The paper was meant to serve as a means of communication between the hospital and the community as well as a look into the lives of the patients who lived there, said Steve Davis, a historian for the Alabama Department of Mental Health.

“If we didn’t have a Meteor we would have no idea what life was like for a patient at that point in time except what we get out of the annual reports,” Davis said, ”I think it humanizes the people that were there. You’ve got a cross-section of people that are just like a cross-section of people in the state at this point in time and it will probably be similar to the dynamics of the state of that time.”

Davis said he thinks the paper was truly driven by one man, the patient that supposedly served as its editor and attributes the paper’s later irregular production to that man’s deteriorating interest and health.

“I believe this was a really educated guy who knew how to print the paper himself so it didn’t cost the hospital,” he said. “And so you’ve got something with one guy, but if he doesn’t feel like doing it, then it doesn’t get done.”

While Davis said he couldn’t reveal the probable editor’s name since they were once a patient, Phillips has his own theory about who the man was – a hospital resident named Joseph Goree.

Phillips came to the conclusion after determining which articles were written by the editor, noticing many were signed at the end with a simple “G.” He then discovered an old newspaper article from the Tuskaloosa Gazette that named Goree as the editor of the paper. A book published by a preacher, an exposé of Bryce, noted that Goree was a publisher.

According to research done by Phillips, Goree was born in Alabama and his family was involved with Judson College. He later left Alabama, after attending the University here in Tuscaloosa for a year, to go to Brown University, where he was married and lived in Indianapolis before coming back and being committed to the Alabama Insane Hospital for reasons unknown. Goree died, most likely from dementia, in 1890, several years after The Meteor’s last publication. He was buried in a numbered grave.

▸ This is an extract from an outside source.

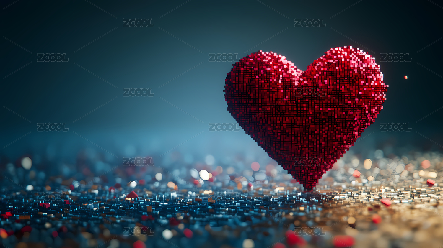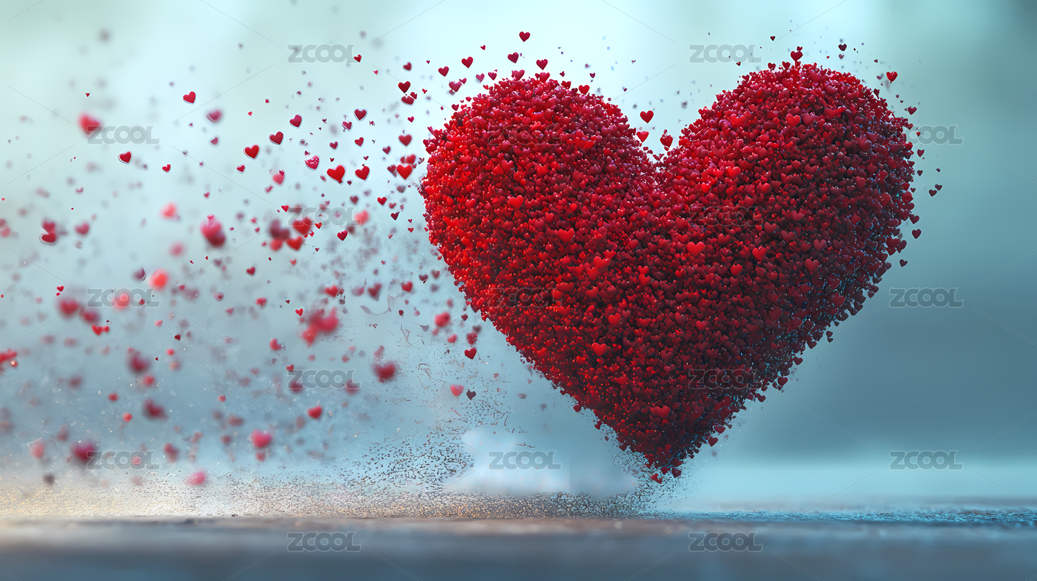 颗粒漂浮中的浪漫红心

“It started out, I think, there was a lot of editorial humor and a lot of social commentary and then the more the paper went on,” Phillips said. “I think in later years he lost that and it just became more of like a calendar of events and a look around town and things like that. I think it lost some of its spirit.”

The paper established a clear outlet for communicative and therapeutic endeavors. Despite irregular publication and the passing of the paper’s editor, The Meteor seemed to accomplish more than many expected it to.

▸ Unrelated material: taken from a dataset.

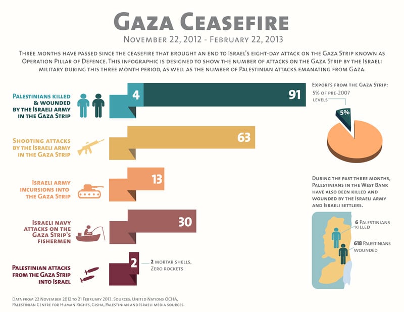 As this graphic, made by Ben White and Rachele Richards using UN data in early 2013, shows, Israel’s gross violations of the ceasefire began immediately. “Ceasefire” meant, in practice, that the Palestinians ceased fire while Israel continued to attack, invade and kill.

“They meant for it to be the go-between for the hospital and the communities,” Davis said. “Just as much as it was meant to be read by patients, there would be instructions on if you visited the hospital, the best things to do if you went to the ward, what you might encounter and how to be appropriate to the people that live there. And that’s a concept that really grew a lot in the advocacy programs of the 1970s into the present and there it is in the 1870s.”

Eventually, the staff of the paper decided to publish it just for themselves and the residents of the Alabama Insane Hospital.

“THE METEOR will be printed in future solely for the use of the patients of the Hospital,” an issue from 1876 said. “If a copy fall into the hands of persons not attached to the institution, they may discover if they have an equitable right to read it, by asking themselves the following query: ‘Have I a thoroughly sound and well-balanced mind, free from quips and cranks of every kind?’ If yes, return the paper to the Hospital, as an estray.”